Topical areas of geoscience education research are listed below, with an emphasis on GER at the undergraduate level and research areas that can inform best practices of teaching and learning. They include topics that are important to all discipline-based education research (DBER), as well as specialized topics that are more specific to teaching and learning about the Earth. This list was informed by the NRC analysis of discipline-based education research (Singer et al., 2012), focus group discussions of geoscience education researchers and practitioners at the 2015 GER workshop, survey results from the 2016 GER, the Wingspread report (Acrobat (PDF) 879kB Sep3 16) (Manduca et al., 2003), the Earth in Mind II Synthesis report (Kastens and Manduca, 2012), and a paper by Lewis and Baker (2010) in the Journal of Research in Science Teaching. We recognize that some of the topical areas listed below are intertwined and overlap, and that some topics have multiple scales of investigation. The bullet points below each GER topic are examples that illustrate the scope of the topic, and are not a complete list.

  1. Students' conceptual understanding of content in geoscience courses
    • Conceptual understanding: focus on content knowledge, Earth science, climate, ocean, and atmosphere literacy
    • Misconceptions and preconceptions
    • Learning progressions
    • Systems thinking / complexity
    • Concept inventories
    • Focus on particular sub-fields of geoscience (e.g., geomorphology, oceanography)

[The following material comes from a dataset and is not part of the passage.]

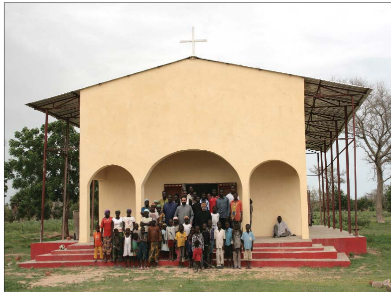
Πάντα τά έθνη

Ή πολυγαμία –(θέμα άκόμη άθικτο)– καί ή έθιμική πρακτική τών παραδοσιακών γάμων, εύρέως διαδομένη σέ όλλες σχεδόν τίς φυλές είναι ένα πρόβλημα πού έμφανίζει ένα ποσοστό μόνον 10% τών πιστών τής Ρωμαιοκαθολικής καί αλλήλων όμολογιών νά έχουν συνάψει θρησκευτικό γάμο καί ένα αλλιο 30% μόνον πολιτικό γάμο. Τοῦτο δέ, διότι ή οικογένεια τής γυναίκας δέν έπιτρέπει τήν τέλεση θρησκευτικοῦ ή πολιτικοῦ γάμου άν δέν αποπληρωθεί ή προίκα εκ μέρους του γαμπροῦ. Ό γαμπρός λαμβάνει από τήν οικογένεια τής νύμφης μία λίστα προίκας, πού πρέπει νά αποδώσει. Συνήθως αποδίδει άμέσως ένα 10% τής προίκας, παίρνει τή γυναίκα, τεκνοποιεί καί μετά από χρόνια όταν θά έχει ξεπληρώσει καί τό υπόλοιπο 90%, θά έπιτραπεί από τήν οικογένεια νά γίνει πολιτικός καί θρησκευτικός γάμος. Έτσι, λοιπόν, θά πρέπει ή κατηχητική μας προσπάθεια νά δια-

  2. Cognitive domain and problem solving in geoscience courses
    • Problem-solving, including solving of interdisciplinary problems
    • Quantitative reasoning
    • Temporal reasoning
    • Spatial reasoning (e.g., GIS)
    • Using and understanding models, simulations, and visualizations of Earth processes
    • Expert-novice spectrum
    • Promoting transfer to new learning situations or settings
  3. Instructional strategies to improve geoscience learning in different settings and with different technologies
    • Design, use, and evaluation of different instructional strategies and their effectiveness in various settings (e.g., large lecture, lab)
    • Role of technology (e.g., on-line, hybrid learning, e-learning)
    • Teaching and learning with large complex online datasets
    • Place-based and cross-cultural geoscience learning
  4. Geoscience students' self-regulated learning / metacognition
    • Encouraging students to think about their learning
    • Basic learning assessment methods: Minute papers, knowledge surveys, etc.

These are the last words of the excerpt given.